Nash sued Purcell and the school board under 42 U.S.C. § 1981, claiming that they discriminated against her when they “did not honor” her contract and replaced her with a white person. She also claimed they retaliated against her for “opposing the Board’s discriminatory refusal to honor her contract.” She added state-law claims for breach of contract and tortious interference with contract.

The defendants moved for summary judgment, which Nash opposed. For her discrimination claim, she argued that Purcell, whose arrival coincided with the [664]*664board’s new policy requiring that it approve contracts, was racially biased against her. Nash cited an affidavit from Maureen White-Rush, who is her sister and was an assistant to Purcell before Purcell was the superintendent. According to White-Rush, Purcell made three racially tinged comments during the time they worked together: (1) she called White-Rush a “black working dog”; (2) she told White-Rush that before Purcell’s promotion to Interim Superintendent, “it used to be the four black ladies against the white lady,” but after the promotion “the tables have turned”; and (3) she said to White-Rush that Mickles (who is black) was a “worthless piece of crap” who “just need[ed] to go away” for making a speech on racial issues. Nash also submitted an affidavit from Mickles stating that she submitted two contracts from white vendors to the board that did not require their approval. On the retaliation claim, Nash primarily relied on affidavits from White-Rush and Mickles in which they say they were demoted after complaining about racial issues.

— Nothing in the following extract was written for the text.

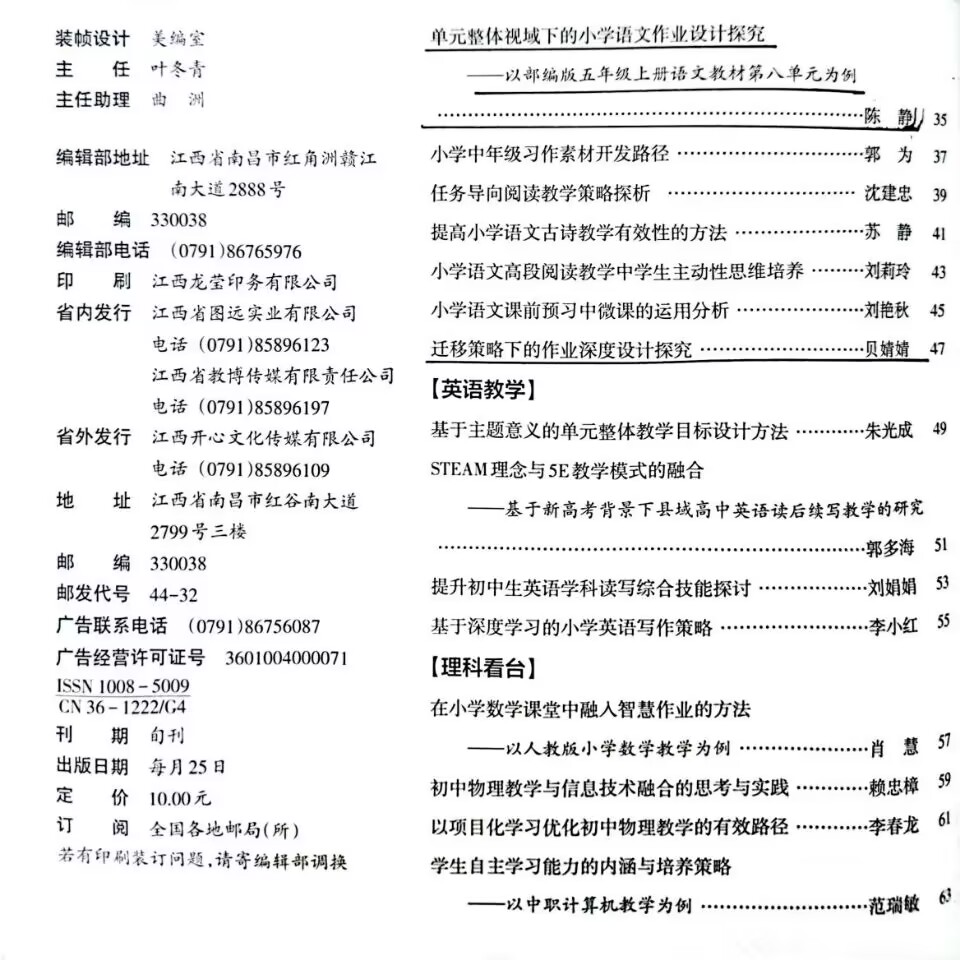 贝婧婧老师的文章《迁移策略下的作业深度设计探究》发表于《教师博览》

The district court granted the motion, concluding that Nash failed to make out either a direct or indirect case of discrimination. Under the direct case, the court dismissed White-Rush’s affidavit as hearsay. It then concluded that the board’s new policy requiring that it approve contracts, although coinciding with Purcell’s arrival as superintendent, is not by itself evidence of discrimination. Under the indirect method of proof, the court concluded that Nash presented no evidence that a similarly situated person of another race had been treated more favorably. Finally, regarding the retaliation claims, the court reasoned that although others may have accused Purcell of discrimination and were then demoted, no evidence suggests that Nash herself opposed discrimination before her contract was denied.

On appeal Nash argues that the district court erred in concluding that the jury could not reasonably find that the board “terminated her contract” because of her race. Invoking both the direct and indirect methods of proof, she focuses on four parts of the record: (1) White-Rush’s affidavit chronicling Purcell’s past racial comments; (2) Mickles’s affidavit stating that she submitted two contracts from white vendors but was not required to obtain the board’s approval; (3) the “suspicious timing” of Purcell’s promotion to Superintendent around the same time that the board began enforcing the policy of requiring approval of contracts over $10,000; and (4) the board’s “inconsistent reasons” for not contracting with her (first, it criticized her performance, then later it attacked her unwillingness to negotiate), which she says are “pretexts” for discrimination.

This evidence does not permit a reasonable inference that the board declined to renew Nash’s contract because of her race. We analyze claims under 42 U.S.C. § 1981 with the same substantive standards and methods of proof as those that apply to claims brought under Title YII. See Smith, 681 F.3d at 896. Under the direct method of proof, the plaintiffs evidence “must point directly to a discriminatory reason for the employer’s action and be directly related to the employment decision.” Dass v. Chi. Bd. of Educ., 675 F.3d 1060, 1071 (7th Cir.2012) (internal quotations and citations omitted). Nash argues that she has direct evidence — Purcell’s racial comments — which she argues are not hearsay.

Nash is correct that the district court mistakenly disregarded the comments as hearsay. The court apparently assumed that Nash offered to testify about what White-Rush said Purcell had said.